«Nous allons recommencer, c’est notre existence»

J+7. Étrange ambiance à Echternach. Si des terrasses revivent, certains commerces restent fermés. Ou restent plutôt grand ouverts pour sécher… totalement vides et abîmés. L’eau, montée à plus de 1,50 m une semaine plus tôt, a laissé des traces sur les murs, des odeurs aussi, et délavé les âmes.

«Pour des millions d’euros de dégâts»

«L’essentiel»: Quelle est l’étendue des dégâts pour la commune?

Yves Wengler, bourgmestre d’Echternach: L’évaluation se poursuit. Il faut voir ce qui est réparable et ce qui ne l’est pas. Avec le hall sportif, la piscine, l’ancienne école, un petit musée, on parle de millions d’euros.

Qu’en est-il de la question des assurances?

Nous n’avions pas d’assurance contre les intempéries, mais d’un autre type. Nous allons introduire des demandes d’aides auprès de l’État pour la commune. Les particuliers et commerçants doivent introduire les leurs pour ce qui n’est pas couvert.

Pensez-vous augmenter la hauteur des protections contre les crues?

Nous en avons déjà et nous ne pouvons pas non plus les relever à deux ou trois mètres. Ce serait déplacer le problème. Ensuite, c’est Wasserbillig ou nos voisins allemands le long de la Sûre qui seraient plus impactés. On ne peut pas faire ça. Il faut partager les dommages.

Il ne reste rien du magasin de bijoux et décoration de Heco et Monika, rue de la Gare. Malgré leurs efforts, «l’eau est montée trop vite». Parents de trois enfants, ils avaient fini par quitter leur logement situé juste au-dessus, en canot avec les pompiers.
Depuis leur retour, ils nettoient.
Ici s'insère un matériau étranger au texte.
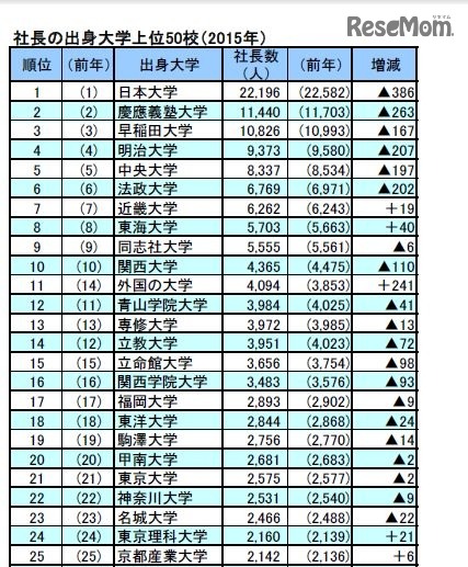 帝国データバンクは、「2016年全国社長分析」を公表した。社長の出身大学のトップ10は前年度と同様で1位は日本大学、2位は慶應義塾大学だった。また、外国の大学出身の社長が前年度より200人以上増えていることがわかった。

Heureusement, ils étaient assurés.

Ouverts depuis un an, ils ont connu le Covid puis cette catastrophe. «Mais nous allons repartir, c’est notre passion, notre existence». Certains s’arrêteront là. «On a pu sauver la collection de vêtements. On va la vendre et le mois prochain c’est fini», lance Hams, dont la crue va précipiter la retraite.

«Même en 1993, l’eau n’était pas montée jusqu’ici»

Une pâtisserie, une boutique de cadeaux ne rouvriront pas non plus. Lucia, dans son magasin de lingerie, va tenter de tenir. Pas assurée, elle montre une boîte, pleine des étiquettes de produits jetés. «Même en 1993, l’eau n’était pas montée jusqu’ici», explique-t-elle, regrettant de n’avoir pas été assez alertée jeudi dernier. Elle chiffre à 50 000 ou 60 000 euros les dégâts et craint pour la saison touristique. «Des hôtels aussi ont été inondés».

Devant sa boutique vide, Nathalie, émue, raconte le cauchemar de la semaine passée. Et la difficulté de recenser tout ce qui a été détruit dans son magasin de décoration. «J’ai dû louer un local pour entreposer les commandes qui continuent d’arriver et que je ne peux pas stopper. Sur les étagères, seules les dernières rangées ont été épargnées. C’était horrible… Je vais recommencer je n’ai pas le choix. Mais j’ai d’abord pensé arrêter».

Nadine, venait d’ouvrir son magasin Zero gaspillage en février. Tout était neuf. Jeudi, elle ponçait l’escalier en bois, gonflé par l’eau, au milieu de sa boutique vide. «Les meubles sont cassés. J’ai jeté les aliments en vrac». Elle devra faire des frais avant que l’assurance n’intervienne.

«J’en suis à 35 voitures remorquées»

Tous saluent, malgré tout, la solidarité dont ils ont bénéficié. «On nous a apporté des pizzas. On a reçu l’aide de gens de partout, qu’on ne connaissait pas. Chapeau», insiste Nathalie. Jacques par exemple est là. Son entreprise de jardinage epternacienne n’a pas été touchée par les crues mais il est venu «aider les copains» avec ses camions.

Assureur au centre-ville, Fernando Alves assure avoir déjà reçu une centaine de dossiers. Et plusieurs demandes de souscription à la garantie inondations. «On ne peut pas forcer les gens, mais elle devient indispensable», avoue-t-il.

Non loin de là, sur la dépanneuse de Patrick, l’eau s’écoule d’une voiture. «J’en suis à 35. Celle-là a deux mois. J’en ai emmené une qui avait un jour. Il n’y a plus de place dans les garages pour les déposer». Il estime à un millier le nombre de voitures submergées et hors d’usage. «On ne peut plus récupérer que des pièces de carrosserie et le moteur».

Dans la rue, on parle assurance, aides de l’État. Un livreur explique à une vieille dame, dans un garage ouvert, comment fonctionne sa nouvelle machine à laver. On repart de zéro.